The group's activities have been limited in recent years (as of 2022), each band member focusing on individual pursuits, but they continue to release music and perform sporadically. They collaborated with pop group SHEL, performing a Christmas concert in Nashville that led to a 6-song Christmas-themed EP titled A Family Christmas, which included four original songs. In 2022, they contributed a track to There's a Rainbow Somewhere, a tribute album to Randy Stonehill.

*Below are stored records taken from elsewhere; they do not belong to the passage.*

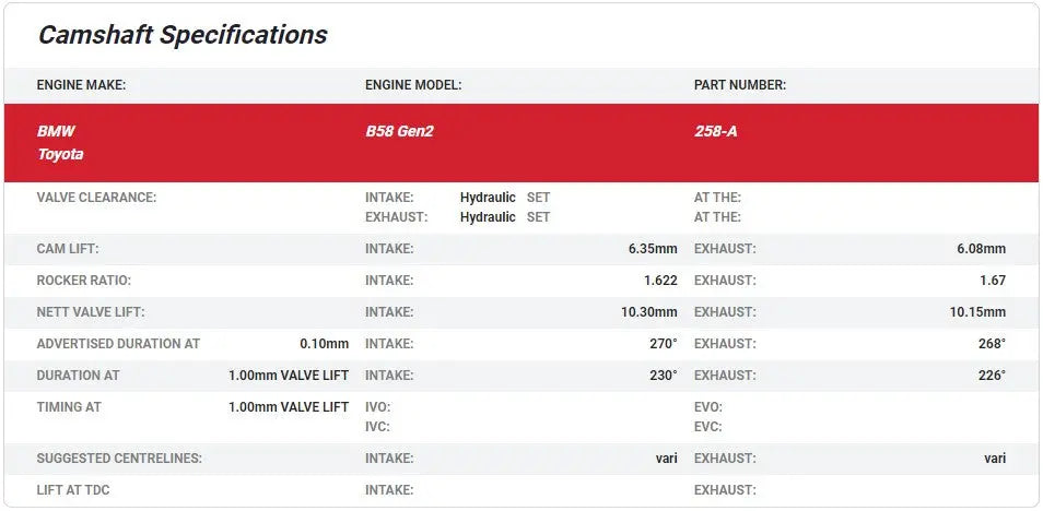258-A - 270'/268' | Stage 1: Stage 1 cams for engine with bolt on intake, exhaust and turbo upgrades. For an engine producing around 550-750hp running a 58-68mm turbo.
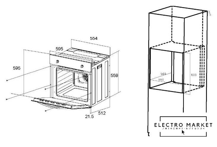 электрический с конвекцией, объем 60 л, утапливаемые переключатели, 6 режимов, очистка паровая, направляющие проволочные
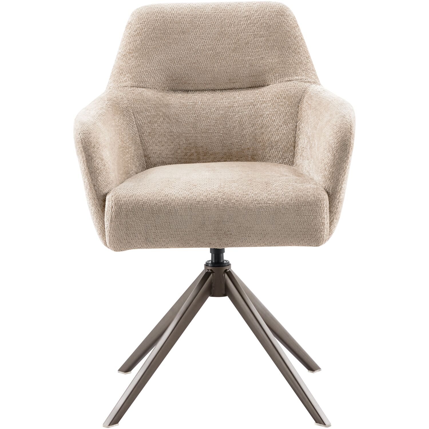 De comfortabele eetkamerstoel Bowina is uitgevoerd in een sterke en zachte beige bouclé stof en met een draaibaar onderstel inclusief terugdraaimechanisme. Hierdoor zal de stoel altijd weer naar zijn oorspronkelijke positie terugdraaien. Bowina beschikt over een comfortabel zitcomfort en is dan ook erg geschikt voor een heerlijk avondje tafelen met vrienden of familie.
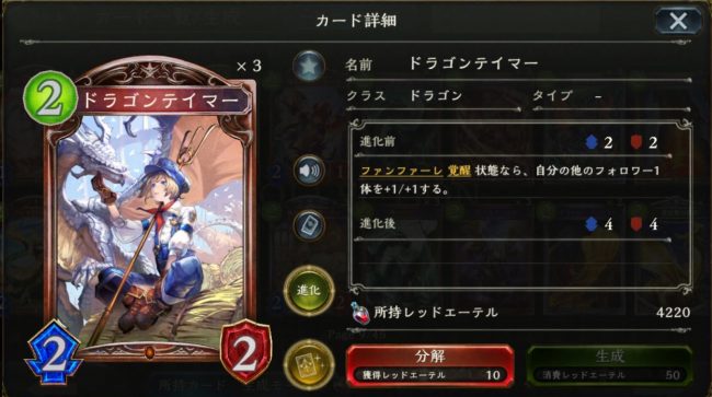 「ダークドラグーン・フォルテ」を「ドラゴンテイマー」2枚で強化!スタッツは進化込みで9/5に。

== Blood: Water Mission ==

Lead singer Dan Haseltine visited Africa in 2002, which in turn inspired the founding of Blood: Water Mission, a non-profit organization created to raise awareness and money for the poverty and AIDS stricken regions of the continent. The name is derived from, as Haseltine says, "The two things Africa needs most" - clean blood and clean water. The mission has begun the 1000 Wells project, an effort to have a thousand new wells built throughout Africa. In 2012, the organization met their goal of providing clean water to 1,000 African communities through the organization they founded, Blood: Water Mission, and its 1,000 Wells Project. Former Bassist for Jars of Clay Aaron Sands serves as administrative director for the project.

== Beliefs ==
In a 2002 interview with NPR's Scott Simon on Weekend Edition Saturday, responding to a question about the relatively subtle religious content of their music, Haseltine said that the band's songs are not meant to explain their faith but are written about their lives, which are affected by their faith. Haseltine explained the decision to "shy away from ... traditional religious language" as a conscious one, in part to make their music more accessible to those "put off by religion" and to "love people in a way that isn't exclusive to simply people that understand the language of Christianity". Haseltine also stated that art can "make people feel what's true rather than telling them".

==Band members==
Current
- Dan Haseltine – lead vocals, drums, percussion, melodica, piano, accordion (1993–present)
- Charlie Lowell – keyboards, piano, organ, accordion, backing vocals (1993–present)
- Stephen Mason – guitars, bass, mandolin, backing vocals (1993–present)
- Matt Odmark – guitars, banjo, backing vocals (1994–present)

Former
- Matt Bronleewe – guitars (1993–1994)

Current touring musicians
- Jake Goss – drums (2009–present)

Former touring musicians
- Gabe Ruschival – bass (2006–2011)
- Jeremy Lutito – drums (2005–2009)
- Aaron Sands – bass (1995–2005)
- Joe Porter – drums (1999–2005)
- Scott Savage – drums (1995–99)

== Discography ==

- Jars of Clay (1995)
- Much Afraid (1997)
- If I Left the Zoo (1999)
- The Eleventh Hour (2002)
- Furthermore: From the Studio, from the Stage (2003, studio and live album)
- Who We Are Instead (2003)
- Redemption Songs (2005)
- Good Monsters (2006)
- Christmas Songs (2007)
- The Long Fall Back to Earth (2009)
- The Shelter (2010)
- Inland (2013)

==Awards==

Jars of Clay has been nominated for and won several awards, including Grammy Awards and several other music awards, known as the GMA Dove Awards. Some of these successes have been collaborative efforts, including two City on a Hill albums and the inspired collaboration for the 2005 film The Chronicles of Narnia: The Lion, the Witch and the Wardrobe. The group has won five Broadcast Music Incorporated (BMI) awards.

In June 2009, Jars of Clay was named as one of PeaceByPeace.com's first peace heroes.